She chose a book at random. It was a long book. Many thin volumes lay in the clothbound box. The name of the book she had heard. Among the many women in a house as large as her mother’s and as large as the Wu house, there were always some who were coarse in their talk. The story of Hsi Men Ch’ing and his six wives all had heard in one way or another.
Plum Flower in a Vase of Gold
—the letters were here delicately brushed on the satin cover of this first volume.

“The books look often read,” she thought and smiled with a fleeting bitter mirth. Generations of men of the Wu house had read them, doubtless, but perhaps she was the first woman who had ever held them in her hand.

She took them to the table and looked first at the pictures. An artist had drawn them. There was profound art in the sensuous lines. She studied especially the face of Hsi Men Ch’ing himself. The artist had outdone himself in describing through pictures the decay of man. The young handsome joyous face of Hsi Men Ch’ing, who had found the expression of his youth in love of women’s flesh, had grown loathsome as the face of a man dead by drowning and bloated with decay. Madame Wu gazed thoughtfully at each picture and perceived the deep meaning of the story. It was the story of a man who lived without his mind or spirit. It was the story of a man’s body, in which his soul struggled, starved, and died.

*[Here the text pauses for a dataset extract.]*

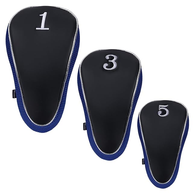 Andux ゴルフジッパークラブヘッドカバー ジッパークロージャー ゴルフ ウッドドライバー ヘッドカバー ファスナー付き 3個セット 460cc対応 MT/MG20 (ブルー)
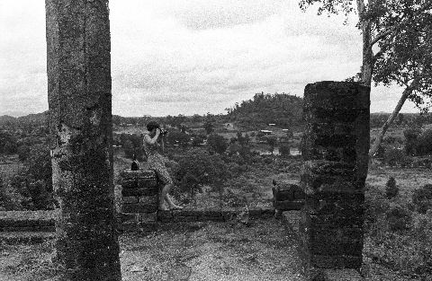 Jane taking photo of ruins, Amphoe Si Satchanalai, Changwat Phrae, Thailand, August 1968

She began to read. The hours passed. She heard Ying stirring about in the other room, but she did not know that Ying looked in at the door and stared at her and went away again. She became aware of the time only when darkness stole into the room and she could no longer see. Then she looked about as though she did not know where she was.

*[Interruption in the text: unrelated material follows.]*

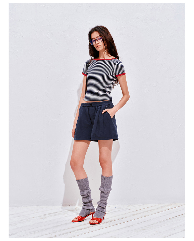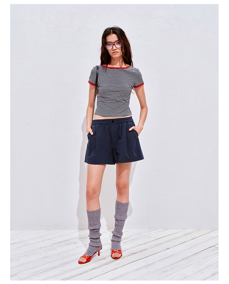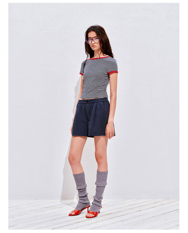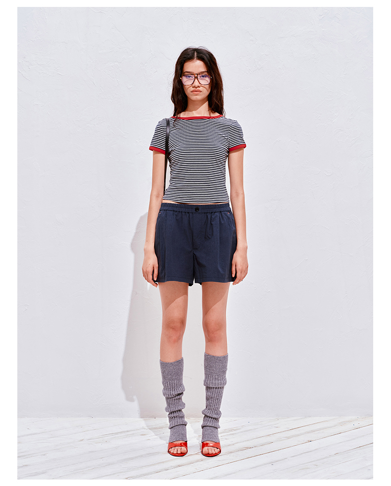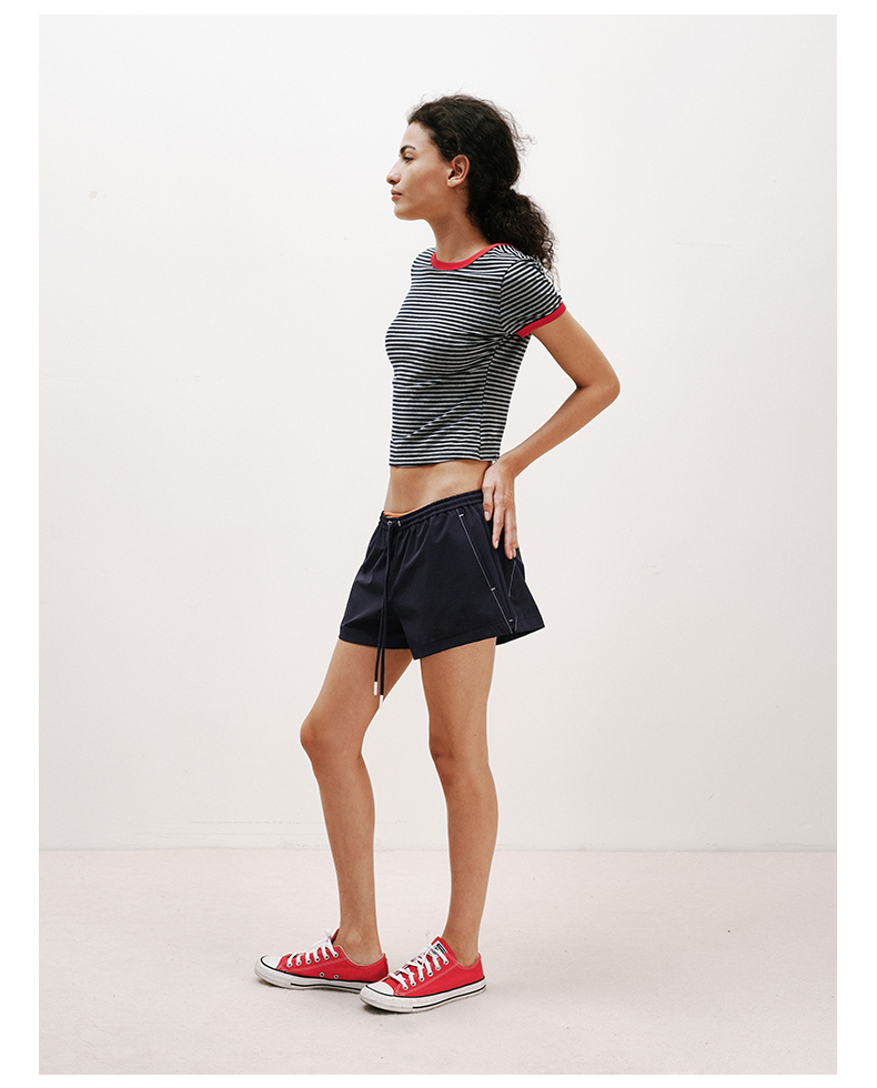 NUTH复古条纹撞色露背圆领修身短袖T恤女

“I ought not to have obeyed Old Gentleman,” she murmured half-aloud. “I should have read this book long ago.” But now she had stopped reading she did not want to begin it again. She was surfeited and sick. She bound the volumes together into the box and slipped the small ivory catch into its loop and set it on the shelves again. Then she put her hands to her cheeks, and thus she walked back and forth the length of the room. No, it was better, she thought, that she had not read this book when she was young. Now that she had put it into its cover again she saw that it was a very evil book. For such was the genius of the writer that the reader could find in this book whatever he wanted. For those who wanted evil, it was all evil. For those who were wise, it was a book of most sorrowful wisdom. But Old Gentleman was right. Such a book ought not to be put into the hands of the young. Even she, had she read it twenty years ago, could she have understood the wisdom? Would she not rather have been so sickened that she could not have gone willingly to bed at night? Old Gentleman was still the wisest soul. The very young are not ready for much knowledge. It must be given to them slowly, in proportion to their years of life. One must first live before he can safely know.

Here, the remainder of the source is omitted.